(Extracted records)
·····

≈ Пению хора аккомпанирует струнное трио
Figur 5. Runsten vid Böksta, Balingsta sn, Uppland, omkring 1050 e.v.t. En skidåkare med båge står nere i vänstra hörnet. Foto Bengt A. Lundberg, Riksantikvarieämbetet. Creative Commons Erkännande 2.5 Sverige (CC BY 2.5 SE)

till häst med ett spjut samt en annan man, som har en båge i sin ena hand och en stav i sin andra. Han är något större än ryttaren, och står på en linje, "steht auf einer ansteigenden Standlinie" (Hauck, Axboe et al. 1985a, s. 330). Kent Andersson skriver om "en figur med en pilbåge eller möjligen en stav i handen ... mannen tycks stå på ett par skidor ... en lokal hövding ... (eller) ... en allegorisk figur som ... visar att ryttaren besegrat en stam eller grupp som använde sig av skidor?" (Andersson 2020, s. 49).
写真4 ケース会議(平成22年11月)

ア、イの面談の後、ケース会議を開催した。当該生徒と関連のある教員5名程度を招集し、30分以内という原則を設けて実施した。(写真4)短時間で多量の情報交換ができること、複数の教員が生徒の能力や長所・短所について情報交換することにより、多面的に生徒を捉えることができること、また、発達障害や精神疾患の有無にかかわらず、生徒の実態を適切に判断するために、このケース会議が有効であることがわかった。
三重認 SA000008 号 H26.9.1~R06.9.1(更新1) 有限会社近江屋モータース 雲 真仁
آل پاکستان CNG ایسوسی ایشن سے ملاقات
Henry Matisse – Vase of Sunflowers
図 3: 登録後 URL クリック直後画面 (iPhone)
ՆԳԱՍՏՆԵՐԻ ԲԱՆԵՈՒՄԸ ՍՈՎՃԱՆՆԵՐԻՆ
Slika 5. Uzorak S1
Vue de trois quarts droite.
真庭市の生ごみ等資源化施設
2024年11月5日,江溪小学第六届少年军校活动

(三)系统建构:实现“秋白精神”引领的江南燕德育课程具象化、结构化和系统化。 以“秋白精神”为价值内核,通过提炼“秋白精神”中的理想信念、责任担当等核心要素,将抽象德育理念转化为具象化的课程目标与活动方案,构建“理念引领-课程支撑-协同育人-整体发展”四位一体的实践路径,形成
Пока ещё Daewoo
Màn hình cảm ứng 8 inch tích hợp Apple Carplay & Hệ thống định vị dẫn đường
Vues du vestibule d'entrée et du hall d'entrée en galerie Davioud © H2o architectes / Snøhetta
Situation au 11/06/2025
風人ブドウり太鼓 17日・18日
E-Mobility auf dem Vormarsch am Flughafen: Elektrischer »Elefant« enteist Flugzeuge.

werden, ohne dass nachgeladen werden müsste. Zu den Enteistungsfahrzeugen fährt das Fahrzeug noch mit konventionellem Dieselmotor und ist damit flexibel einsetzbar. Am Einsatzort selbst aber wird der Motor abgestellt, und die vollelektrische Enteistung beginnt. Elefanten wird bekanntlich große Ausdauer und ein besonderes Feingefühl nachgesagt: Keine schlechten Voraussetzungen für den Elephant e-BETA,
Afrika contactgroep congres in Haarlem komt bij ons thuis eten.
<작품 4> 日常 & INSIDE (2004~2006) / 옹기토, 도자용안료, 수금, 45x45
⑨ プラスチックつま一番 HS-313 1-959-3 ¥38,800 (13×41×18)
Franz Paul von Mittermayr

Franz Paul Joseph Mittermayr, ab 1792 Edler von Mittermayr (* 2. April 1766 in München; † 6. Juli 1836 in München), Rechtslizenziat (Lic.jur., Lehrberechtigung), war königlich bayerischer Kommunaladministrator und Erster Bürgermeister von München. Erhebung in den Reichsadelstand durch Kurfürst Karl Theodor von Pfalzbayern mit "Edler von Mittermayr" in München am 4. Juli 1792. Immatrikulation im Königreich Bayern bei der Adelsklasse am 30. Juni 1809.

·····

(WORK INSTRUCTIONS)
Copy out the lines starting at the one containing "Situation au 11/06/2025" and ending with the last line of the entries. Include nothing else.

(ANSWER SPACE)
Situation au 11/06/2025
風人ブドウり太鼓 17日・18日
E-Mobility auf dem Vormarsch am Flughafen: Elektrischer »Elefant« enteist Flugzeuge.

werden, ohne dass nachgeladen werden müsste. Zu den Enteistungsfahrzeugen fährt das Fahrzeug noch mit konventionellem Dieselmotor und ist damit flexibel einsetzbar. Am Einsatzort selbst aber wird der Motor abgestellt, und die vollelektrische Enteistung beginnt. Elefanten wird bekanntlich große Ausdauer und ein besonderes Feingefühl nachgesagt: Keine schlechten Voraussetzungen für den Elephant e-BETA,
Afrika contactgroep congres in Haarlem komt bij ons thuis eten.
<작품 4> 日常 & INSIDE (2004~2006) / 옹기토, 도자용안료, 수금, 45x45
⑨ プラスチックつま一番 HS-313 1-959-3 ¥38,800 (13×41×18)
Franz Paul von Mittermayr

Franz Paul Joseph Mittermayr, ab 1792 Edler von Mittermayr (* 2. April 1766 in München; † 6. Juli 1836 in München), Rechtslizenziat (Lic.jur., Lehrberechtigung), war königlich bayerischer Kommunaladministrator und Erster Bürgermeister von München. Erhebung in den Reichsadelstand durch Kurfürst Karl Theodor von Pfalzbayern mit "Edler von Mittermayr" in München am 4. Juli 1792. Immatrikulation im Königreich Bayern bei der Adelsklasse am 30. Juni 1809.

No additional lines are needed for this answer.